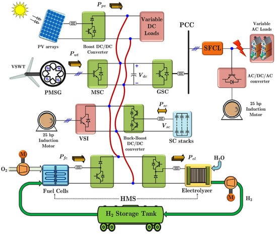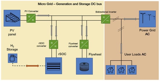 Schematic configuration of a hybrid PV-RHFC microgrid system coupled with a flywheel. Reprinted with permission from Ref. [20]. 2019, Elsevier.
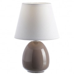 Ceramic table lamp. Beige base and white shade. White cable with switch. Does not include bulb.
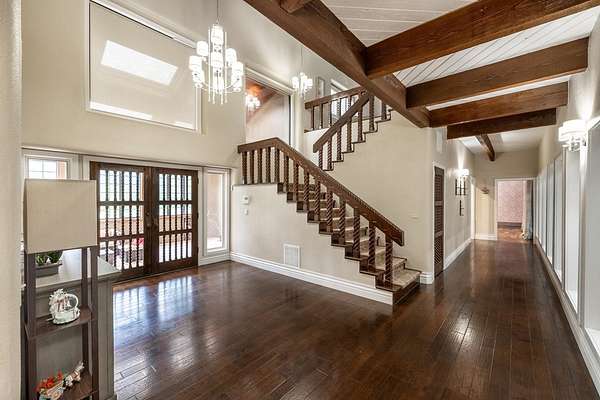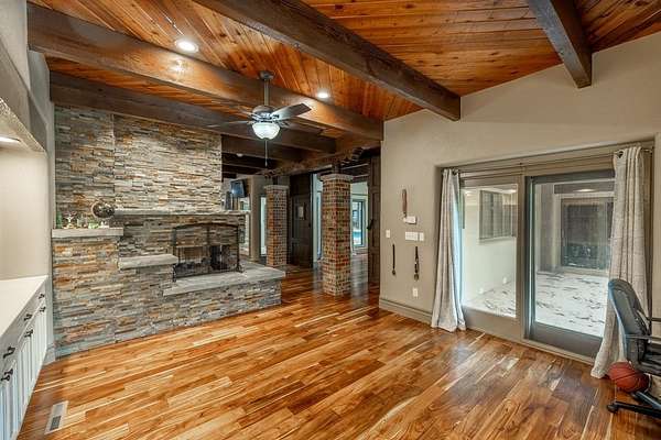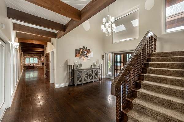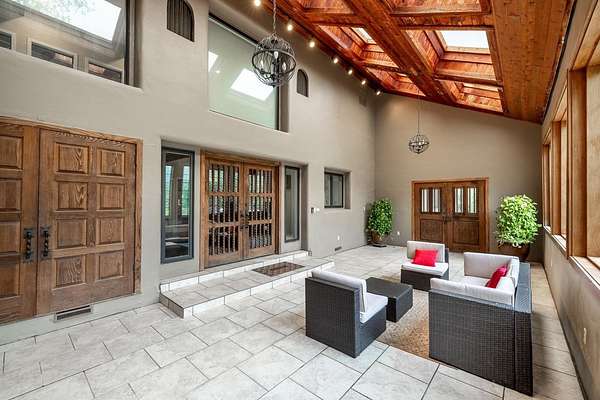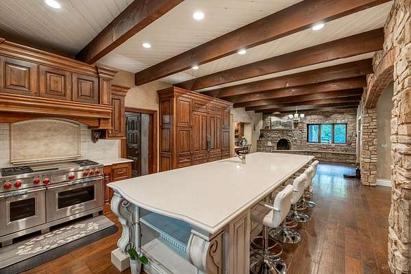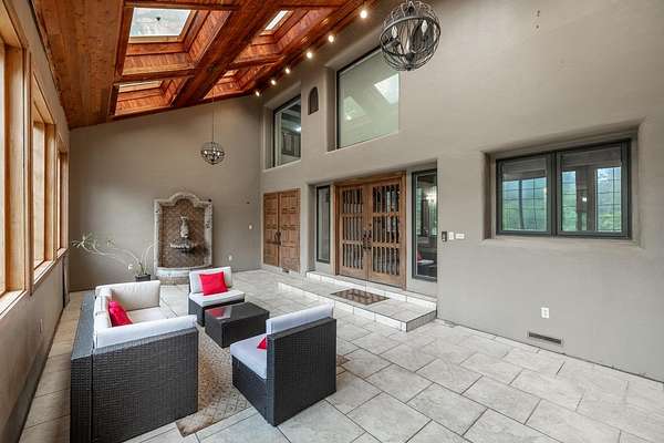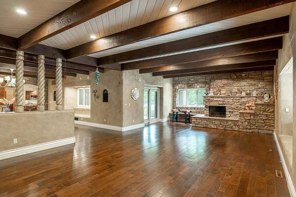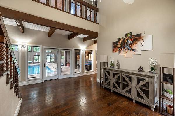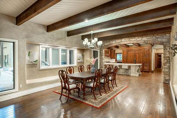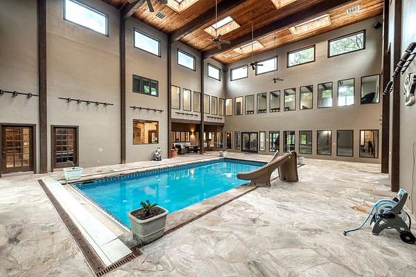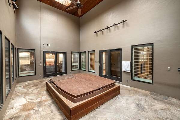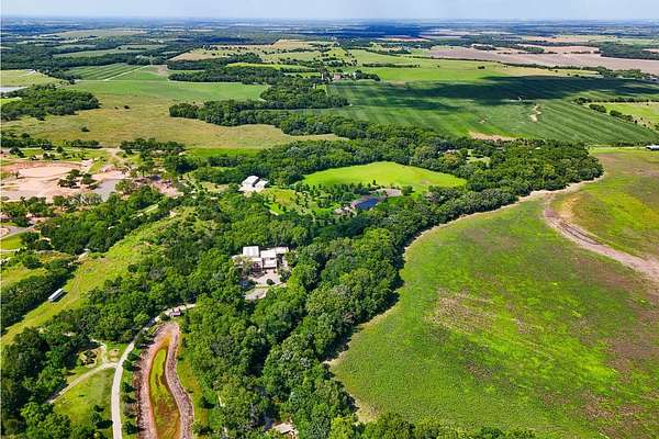 Welcome to a truly exceptional estate located between Andover and Augusta, offering privacy, space, and sophistication just off HWY 54. This 32+/- acre property is easily accessible and features a paved drive leading to an impressive 11,914+/- square-foot custom home. With a warm Southwestern architectural flair, the residence is surrounded by mature trees and professionally designed landscaping. This stunning estate is built for both grand entertaining and everyday living. The home welcomes you with a striking sunroom-style entry featuring double doors and soaring ceilings. Inside, the elegant foyer is accented with wood-beamed ceilings and sleek hardwood floors. The expansive living room includes a beautiful stone fireplace and a convenient butler's pantry, while the formal dining room is ideal for hosting guests. The chef's kitchen and hearth room boast a massive island, quartz countertops, a farm-style sink, integrated refrigerator, and premium appliances. There are three-plus spacious bedrooms, each with walk-in closets, along with four full bathrooms. Additional interior features include a spectacular indoor pool and entertaining area with a hot tub and tall ceilings, a private theatre room, a second-level loft with balcony, and two laundry rooms. The home also offers multiple covered patios, abundant parking, and an attached two-car garage. The estate includes two large heated metal outbuildings. One measures 40 by 80 feet with two overhead doors, and the other is 35 by 50 feet with split siding doors. Each building is equipped with a bathroom. Outdoor features include a scenic pond and creek, additional water features, a brick-paved entertaining area, an irrigation and drinking well, and a septic system. This property offers unmatched amenities and flexibility for a variety of lifestyles. It must be seen in person to be fully appreciated. Please note that Butler County records do not accurately reflect the real estate being sold. A 1.5-acre parcel previously identified as owned by the seller is not included in the sale. Certain marketing videos may still reflect this parcel at the far south end of the property. However, the correct property boundaries are clearly shown in the included survey and updated maps within the property information packet. Buyers are encouraged to review all materials carefully. Buyer should verify school assignments, as they are subject to change. All information is deemed reliable but not guaranteed.

• Task details: Reproduce the material above exactly, first line through the line that contains "Ceramic table lamp.", minus the pictures.

• Answer for this exercise:
 Schematic configuration of a hybrid PV-RHFC microgrid system coupled with a flywheel. Reprinted with permission from Ref. [20]. 2019, Elsevier.
 Ceramic table lamp. Beige base and white shade. White cable with switch. Does not include bulb.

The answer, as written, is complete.